Publicado 04 de Agosto de 2015 - 5h30

Com apenas uma vitória nas últimas 11 rodadas, a Ponte Preta vive um momento difícil no Brasileirão. Muitos atribuem a queda de produção à saída de Renato Cajá, artilheiro do time com cinco gols.

É evidente que um meia capaz de fazer tudo o que ele fez no início da competição faz falta a qualquer time do Brasil. Mas é preciso destacar que a Ponte não parou de render bem após a despedida de Cajá, na 13 rodada. O time caiu de produção bem antes.

Nas últimas quatro rodadas com Cajá (ele esteve em campo em três delas), a equipe somou apenas um ponto e não marcou nenhum gol. O problema, portanto, não foi só a transferência do camisa 10. O problema é a vertiginosa queda de rendimento depois da 7 rodada.

Nos sete primeiros jogos, o aproveitamento da Ponte foi de 61,9%. É número suficiente para frequentar o G4, já que o Sport, por exemplo, está em quarto lugar, com aproveitamento de 60,4%.

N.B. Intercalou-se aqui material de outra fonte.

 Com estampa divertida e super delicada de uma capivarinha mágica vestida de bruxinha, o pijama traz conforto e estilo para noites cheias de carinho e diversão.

Nos nove jogos seguintes, a Ponte conquistou apenas 22,2% dos pontos disputados e é aqui que mora o problema. É um número inferior ao aproveitamento do lanterna Coritiba (25%). Não fosse a largada excepcional e hoje o clube estaria dentro ou muito próximo da zona de rebaixamento.

A diretoria do clube se reuniu ontem, ainda digerindo a derrota por 3 a 1 para o Figueirense, adversário que já frequentou o Z4 e agora aparece à frente da Macaca na classificação. O temor de que isso possa acontecer com outros clubes deve ter sido decisivo para a demissão de Guto Ferreira.

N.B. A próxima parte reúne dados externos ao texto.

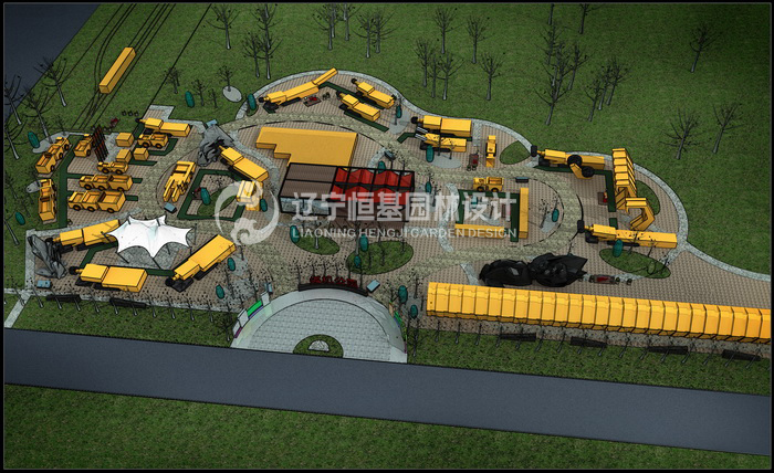 项目名称:三一重装煤机公园景观设计项目地址:辽宁省沈阳市项目占地:6900平项目概况:设计主要选择大尺度的型钢作为骨干材料,木材的选择尺度也相应放大,并处理得原始质朴,力求体现重工业特色。同时设计也传达了三一重装对环境的关注,煤矸石的运用,透水场地的处理,都体现出生态环保的理念。

Reconheço que para um time que não vence há sete rodadas a solução quase que óbvia é trocar o treinador. É o que todo mundo faz, embora nem sempre isso traga resultados.

É evidente que Guto Ferreira tem sua parcela de responsabilidade pelo momento do time, mas, ainda assim, acho que a Ponte Preta deveria ter levado outros fatores em consideração. Qualquer time está sujeito a momentos ruins em um campeonato tão equilibrado como o Brasileiro. Dentro do orçamento da Ponte, qual outro técnico — igual ou melhor do que Guto — pode ser contratado? Gilson Kleina é uma boa opção, mas o time dele está em 16 lugar e ganhou uma vez nas últimas cinco rodadas. Guto está em 13.

Doriva, demitido pelo Vasco, tem capacidade de devolver a competitividade perdida pela Macaca? Pode ser que sim, pode ser que não.

Guto Ferreira já fez ótimos trabalhos no Majestoso e a diretoria sabe do que ele é capaz. Muitas vezes, a “solução óbvia” não resolve coisa alguma.